= Beginning of Section =

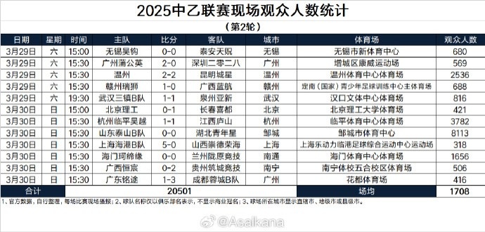 2025-03-31 12:10:03中乙第2轮现场观众:四场超千人,泰山B队主场8113人最多
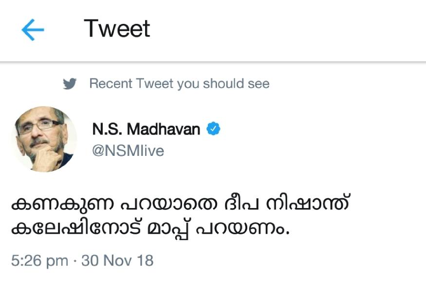 തിരുവനന്തപുരം: മലയാള സാഹിത്യത്തില് പുതിയ വിവാദത്തിന് തിരികൊളുത്തിയ കവിതാ വിവാദത്തില് ദീപാ നിശാന്തിനെതിരെ എന്എസ് മാധവന്. 'കണകുണ പറയാതെ ദീപാ നിശാന്ത് കലേഷിനോട് മാപ്പ് പറയണമെന്ന്' അദ്ദേഹം ട്വിറ്ററില് കുറിച്ചു. കവിതാ മോഷണം ചര്ച്ചയായതിനു പിന്നാലെയാണ് സാഹിത്യ ലോകത്ത് നിന്ന നിരവധിയാളുകള് വിഷയത്തില് അഭിപ്രായം രേഖപ്പെടുത്തിയത്.
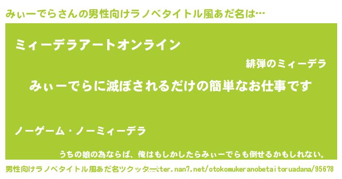 | 胡散臭い通販商品みたいなあだ名 | 『モテモテ間違いなしブレスレット…その名も「みぃーでら」』 |
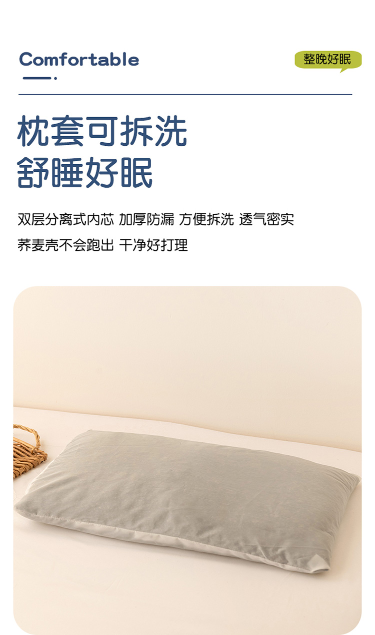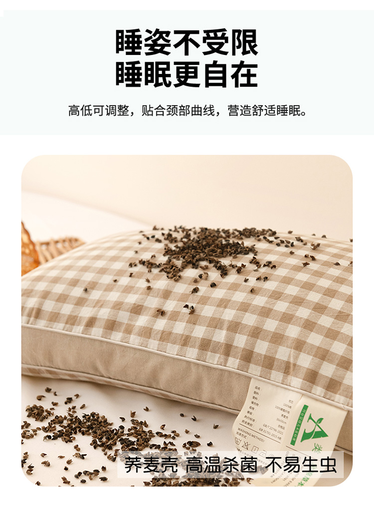 商品名称:(总)2025新款水洗棉荞麦枕 全棉荞麦枕
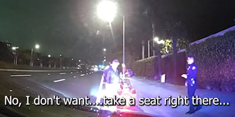 He is pulled over and gets off his bike. The officer can be heard asking Stirling to sit down multiple times, which he refuses to do.
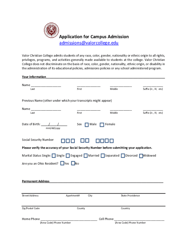 Get the free Application for Campus Admission - Valor Christian College
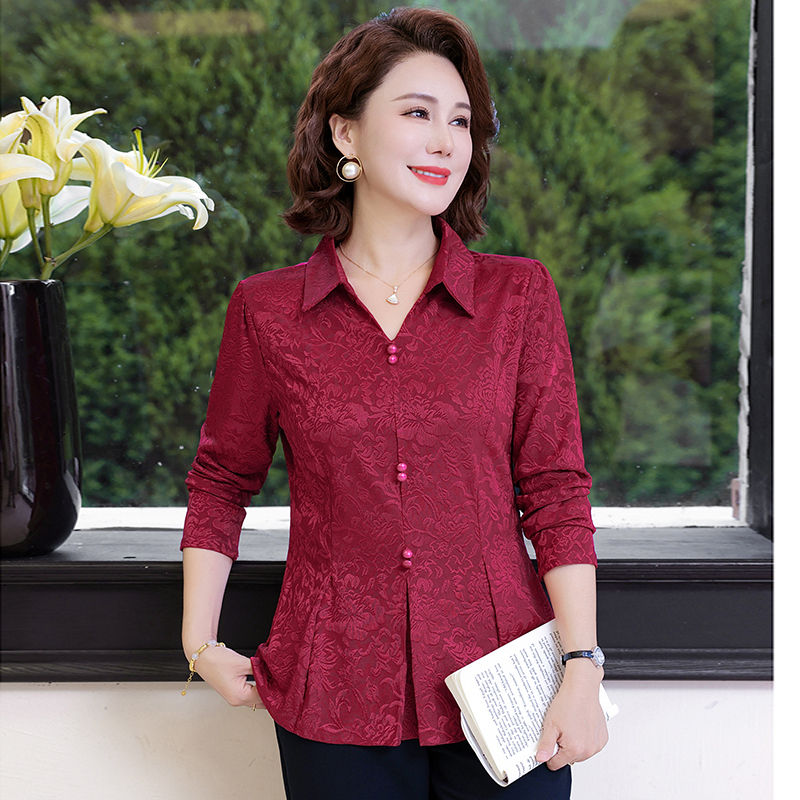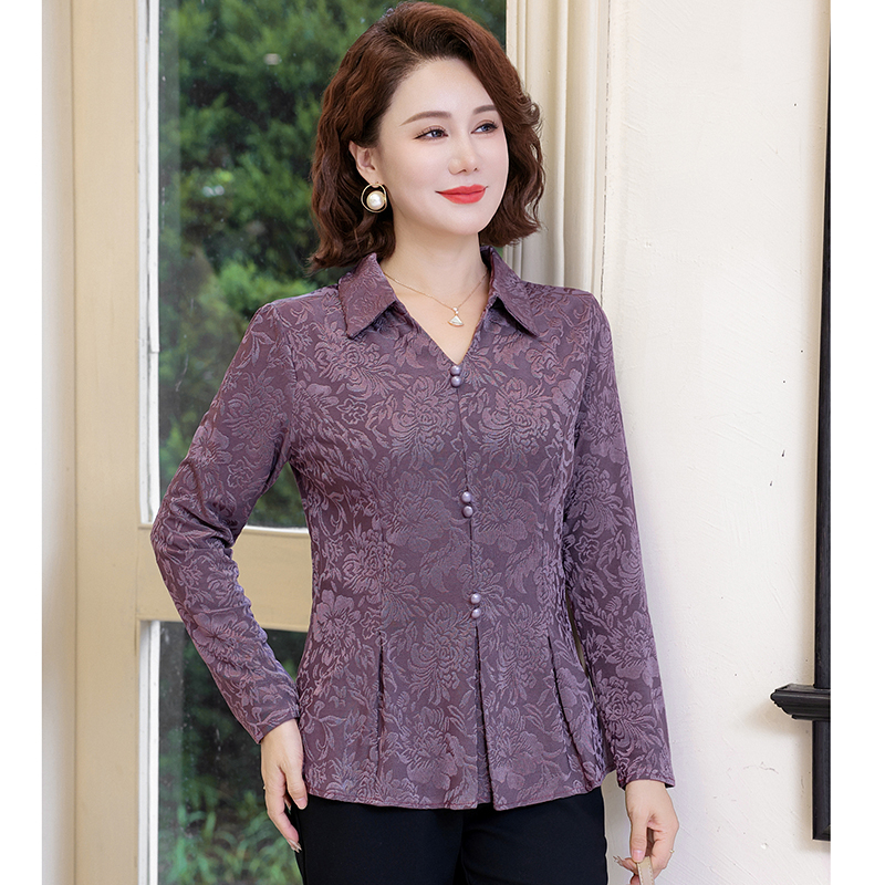 中老年时尚女装气质减龄妈妈春装t恤小衫百搭翻领时尚长袖上衣服

= End of Section =

◆ EXERCISE INSTRUCTIONS: Lines from the one containing "胡散臭い通販商品みたいなあだ名 | 『モテモテ間違いなしブレスレット…その名も「みぃーでら」』 |" through the final line of the entries above are to be retyped exactly, with every picture left out.

◆ RESULT FOR THIS TASK:
 | 胡散臭い通販商品みたいなあだ名 | 『モテモテ間違いなしブレスレット…その名も「みぃーでら」』 |
 商品名称:(总)2025新款水洗棉荞麦枕 全棉荞麦枕
 He is pulled over and gets off his bike. The officer can be heard asking Stirling to sit down multiple times, which he refuses to do.
 Get the free Application for Campus Admission - Valor Christian College
 中老年时尚女装气质减龄妈妈春装t恤小衫百搭翻领时尚长袖上衣服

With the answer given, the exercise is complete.